Thus far I've preferred the mono-repo mostly for dependency management reasons. Whether you have a lot of internal dependencies or external dependencies, you get similar benefits: - All the changes to internal dependencies are in your revision history, across the company. Shared internal library upgrades are picked up quickly and propagate throughout applications with low delay.

- It's easier to have shared versions of external dependencies "automatically" instead of establishing policies that need a human to enforce. This makes it easier to roll out new versions and bug fixes.

- It's easier to do system-wide improvements in code quality. Replacing common bad code with better implementations is something I've seen across code bases at both Google and Twitter and they have been beneficial.

I think nobody should be trying to implement a system like this if you've got fewer than ~600 SW engineers, though. Small groups don't have as much drift or system-wide refactorings that give you benefit.


At Expedia, we were a gigantic perforce repository, but the trend has moved to hundreds of smaller repositories and applications hosted in enterprise github.

Package management is simple, we push common packages into sonatype nexus with semantic versioning.

Personally I prefer strong versioning and allowing teams to upgrade common libraries at their own pace, but we've had a few times where we needed to quickly upgrade every repository (i.e., a security patch).

You have a few options:

1. You can unpublish the old dependency, breaking all builds until they upgrade. (Frowned upon)

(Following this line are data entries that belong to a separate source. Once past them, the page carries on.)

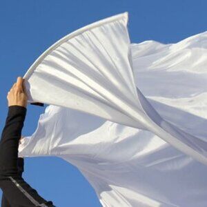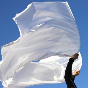 Light of the World worship flags are a special cut sewn with a frilly edge. The rods are Flex™(firmer) or Superflex™(more flexible) rods by Beauty for Ashes® Boutique. They are a solid white. They make the worship easy and simple for even the beginner, and even better for the advanced. Smaller flags can be made upon request if needed. Our personal favorite is the Regular size flags with Superflex™ rods for a flowy Holy Spirit feel on these white flags. Rush order fee and shipping are included in the price!
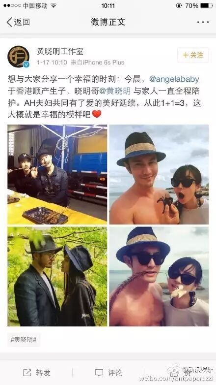 黄晓明于去年10月公开承认baby怀孕,更晒出三个人旅行的照片,甜腻的程度羡煞旁人。
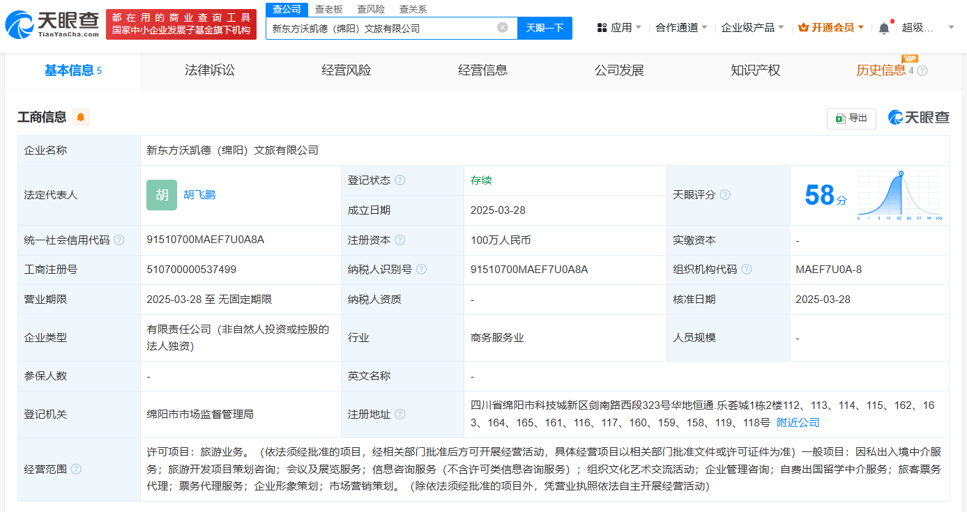 天眼查App显示,近日,新东方沃凯德(绵阳)文旅有限公司成立,法定代表人为胡飞鹏,注册资本100万人民币,经营范围包括旅游业务、因私出入境中介服务、旅游开发项目策划咨询等。股权全景穿透图显示,该公司由北京新东方沃凯德国际教育旅行有限公司全资持股,后者为北京新东方文旅有限公司全资子公司。

2. You can write a script that identifies all repository owners that depend on you and send out a upgrade by X date email.

3. You can script pull request creation and submit hundreds of pulls to upgrade the dependency.

So far, things have worked out well, and I never want to go back to the monorepo.


Google, Facebook, and Twitter all use monolithic repos (I'm taking monolithic to mean 50+% is in one repo, not necessarily everything in one repo), so no, not just Facebook. I'm going to assume there are very good reasons for doing so (and there are - you can look up past discussions on HN).


I love it when random commenters point out the obvious problems of the world's wealthiest, most successful companies.


I know, do you reckon Facebook engineers are sitting awkwardly in a meeting with this comment page up:

"Why didn't we think of this!!!?"


Implying you have to have lots of money to be correct in your software management approach. Try again.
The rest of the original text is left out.